▶ **Provided information**
◆ ◆ ◆ ◆ ◆

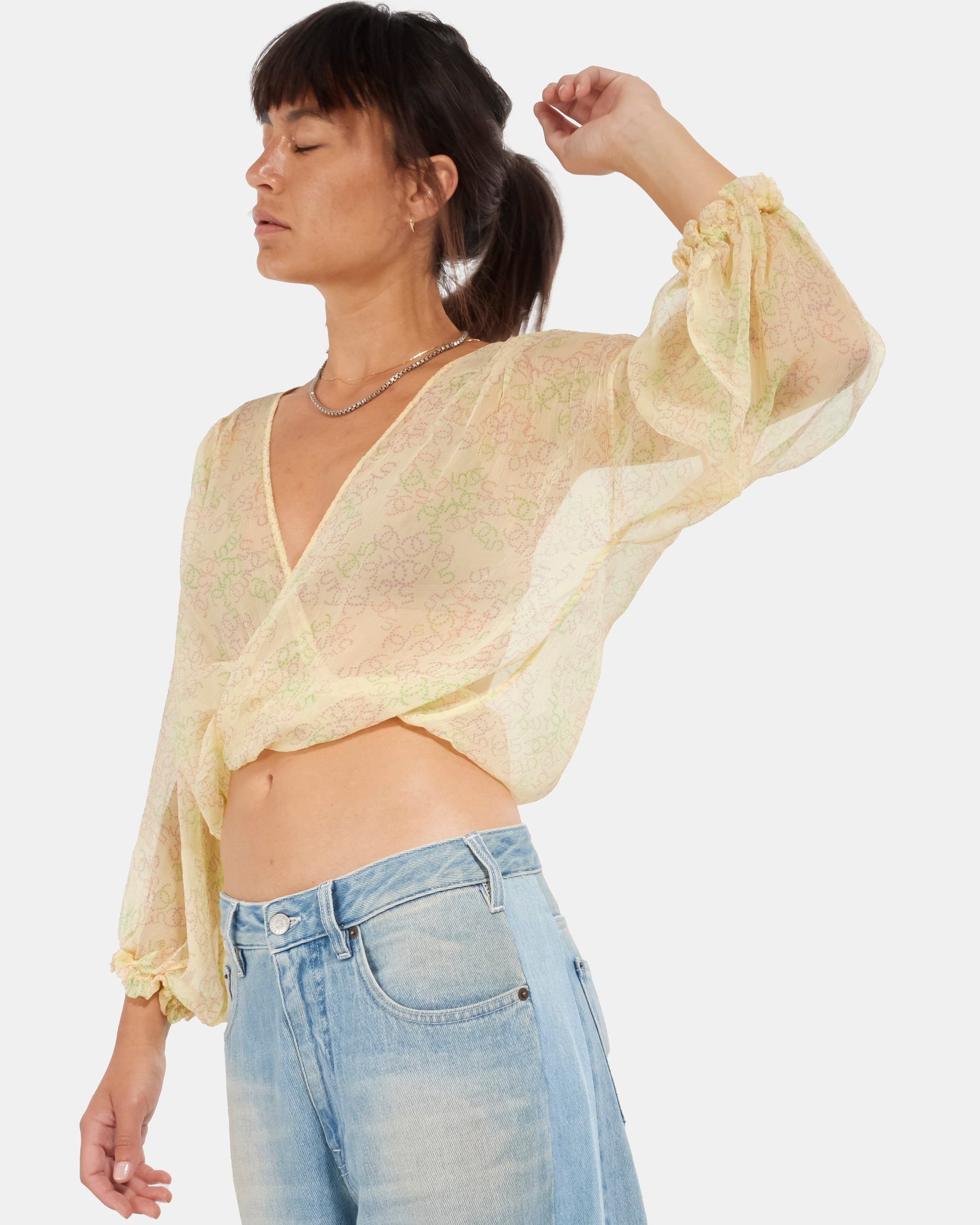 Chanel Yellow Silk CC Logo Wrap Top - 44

◆ ◆ ◆ ◆ ◆

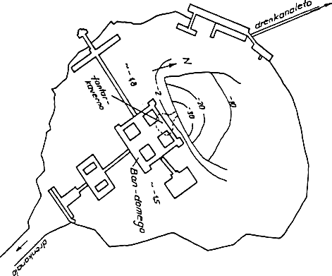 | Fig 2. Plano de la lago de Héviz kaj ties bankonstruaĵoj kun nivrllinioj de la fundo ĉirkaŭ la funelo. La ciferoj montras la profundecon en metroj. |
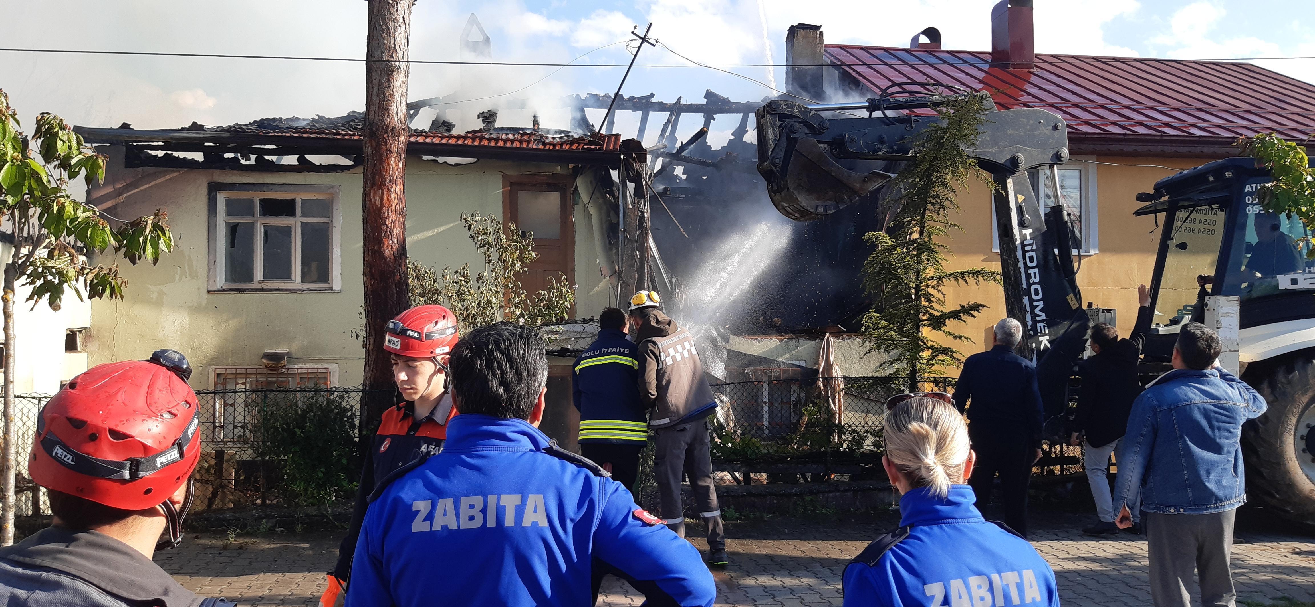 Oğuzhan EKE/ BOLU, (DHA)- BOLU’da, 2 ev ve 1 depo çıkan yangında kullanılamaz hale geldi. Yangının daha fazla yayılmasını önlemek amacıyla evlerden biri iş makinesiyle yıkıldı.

◆ ◆ ◆ ◆ ◆

▶ **Work required**
Above are some records; quote exactly and only the lines that begin at the line containing "en metroj. |" and stop after the line containing "Oğuzhan EKE/ BOLU, (DHA)- BOLU’da, 2", leaving out the pictures.

▶ **Answer space**
 | Fig 2. Plano de la lago de Héviz kaj ties bankonstruaĵoj kun nivrllinioj de la fundo ĉirkaŭ la funelo. La ciferoj montras la profundecon en metroj. |
 Oğuzhan EKE/ BOLU, (DHA)- BOLU’da, 2 ev ve 1 depo çıkan yangında kullanılamaz hale geldi. Yangının daha fazla yayılmasını önlemek amacıyla evlerden biri iş makinesiyle yıkıldı.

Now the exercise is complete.